Introduction to Program Synthesis

© Armando Solar-Lezama. 2022. All rights reserved.

Lecture 23: Program Synthesis with Reinforcement Learning

In the previous lecture, we saw how a neural network could be trained using supervised learning to produce a given program from a given specification. That approach to synthesis requires a corpus that includes both specifications and their resulting programs in order for the network to learn how to map from one to the other. An alternative approach is to use reinforcement learning (RL). In RL, the idea is that instead of a dataset describing the output for every input, the learner has access to an environment that produces rewards or penalties for every action of the learner. This allows for a form of self-training where the learner discovers the best actions to take

A reinforement learning primer

In reinforcement learning, the goal is to learn how to control an agent interacting with a possibly non-deterministic environment. The environment is defined by a state space $\mathcal{S}$ and a transition function $T : S \times \mathcal{A} \times S \rightarrow \mathbb{R}$. Given a source state $s$ an action $a$ and a target state $s'$, the function $T(s, a, s')$ is equal to the probability that if the agent in a state $s$ and it performs an action $a$, that it will transition to state $s'$. In order for $T$ to be well formed, it must be the case that for all initial states and all actions, the sum of $T$ over all target states should add up to 1. \[ \forall s. \forall a. \left(\sum_{s'} T(s, a, s') \right) = 1 \]
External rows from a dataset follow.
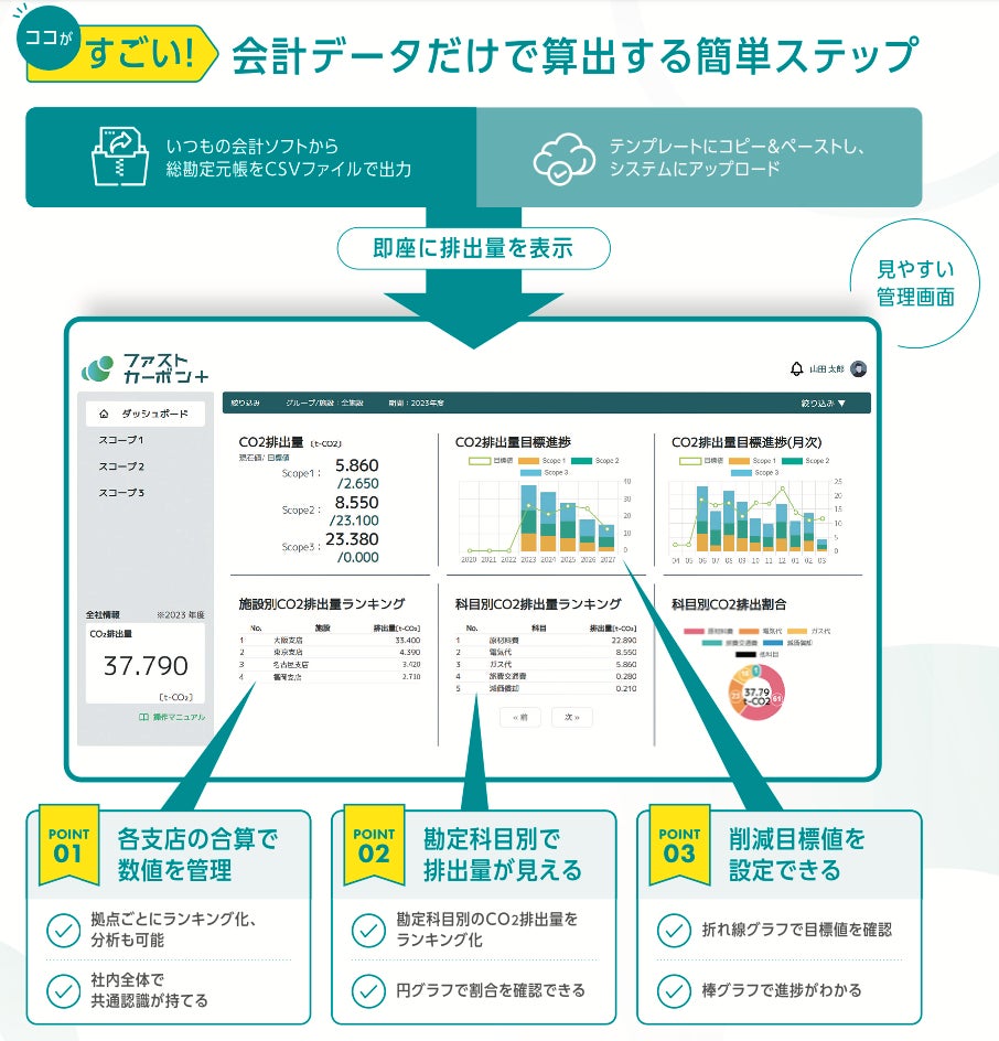 ファストカーボンは、会計帳簿のデータをもとに、国際規格に則ったCO2排出量を簡単な操作で可視化することを可能にした、中小企業向けのクラウドシステムです。
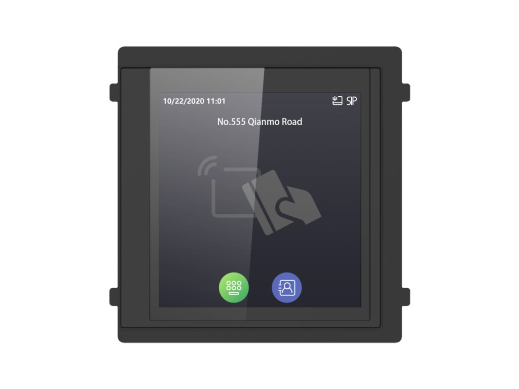 DS-KD-TDM márka Hikvision egy kártyaolvasóval felszerelt érintőképernyős modul Mifare, amely IP videó kaputelefonokhoz készült. Az eszköz rendelkezik 4" érintőképernyővel mérete 480x480, lehetővé teszi, hogy a képernyőn megjelenített kapcsolatok listájából kiválasszuk a helyszínt. Az egész modul stílusos, tartós házba van zárva, amely a IP65.
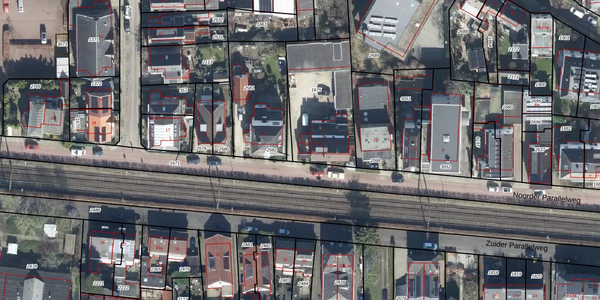 Noorder Parallelweg 13-b is gelegen op kadastraal perceel VEL01F1675. Deze kadastrale aanduiding is uniek en wordt gebruikt door het Kadaster om eigendomsrechten en andere zakelijke rechten vast te leggen. Het perceel maakt onderdeel uit van de kadastrale gemeente Velp Gelderland.
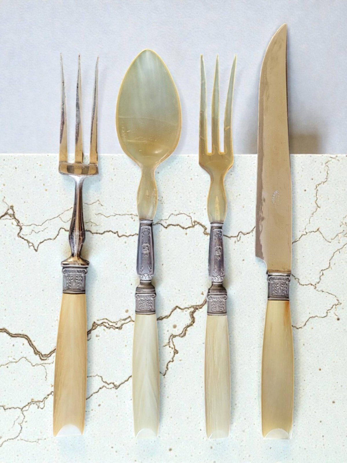 -ANCIEN COUVERT A SALADE MANCHES ARGENT Fourré Fourchette & Cuilleron en CORNE D
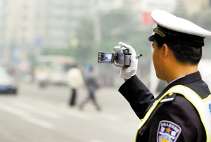 沙區(qū)交警在攝像糾違。交警以后將推行陽(yáng)光執(zhí)法,在攝像點(diǎn)前擺放醒目標(biāo)識(shí)。
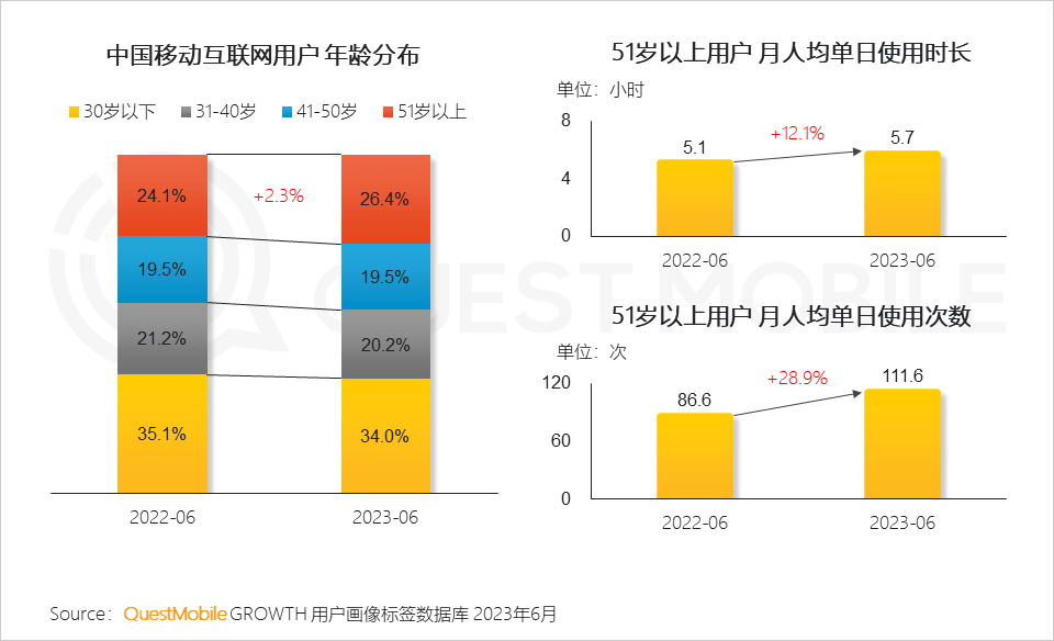 今天给大家分享一下中国移动互联网半年大报告。QuestMobile数据显示,截止到2023年6月份,移动互联网月活用户为12.13亿,整个上半年,用户规模增长稳定,维持在2%-2.5%之间,同时,用户粘性持续加深,月人均单日使用时长达到7.2小时,同比增长7.7%,月人均单日使用次数达到116.3次,同比增长5.4%。这背后,银发人群持续增长,51岁以上用户人群占比已经达到了26.4%,占比提升了2.3%。
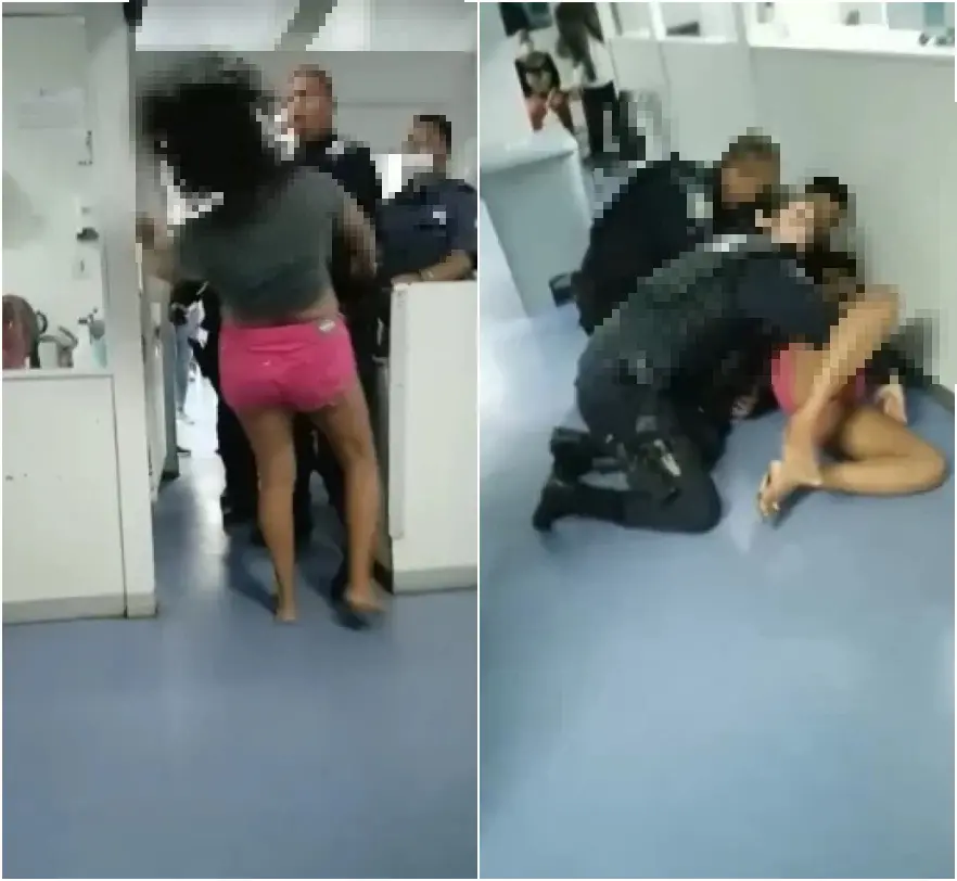 Thaise Fernanda dos Santos, 31 anos, aparece em vídeo sendo empurrada após discutir com funcionárias da Unidade. A Polícia Militar é chamada e Thaise acaba sendo presa.
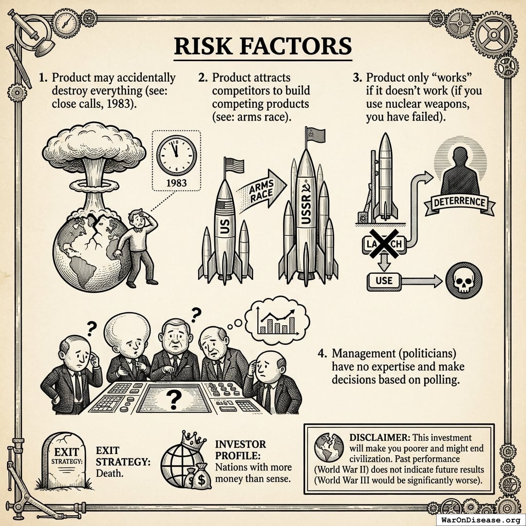 A bomb is not an asset. It’s a very expensive liability you’re storing in case you need to create more liabilities later. It’s like filling your garage with dynamite and calling it “home security.”
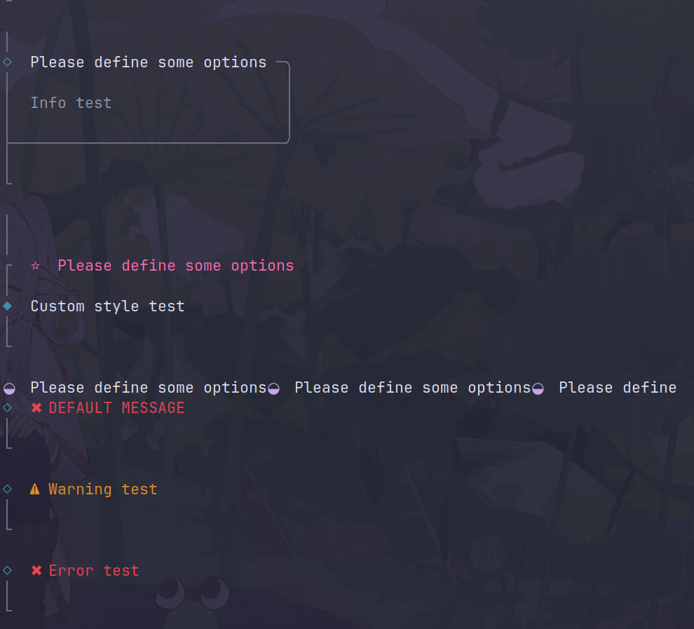});🎨 Custom colors and symbols 🌈 Powered by Clack for beautiful UI ⚡ Spinners and animations 🎯 TypeScript support 🔧 Cross-platform (Windows, MacOS, Linux)

In most practical applications of RL, the environment is represented with a simulator— a complex piece of code that is not differentiable or analyzable and that internally keeps track of the state of the system. For example, if we want to train an agent to play pong, the state would be the position of the ball and the paddles. The actions would correspond to the commands to move the paddle up or down, and the transition function would be the simulator that determines the next state from the current state and the action. The uncertainty in pong comes from the adversary, which may behave non-deterministically.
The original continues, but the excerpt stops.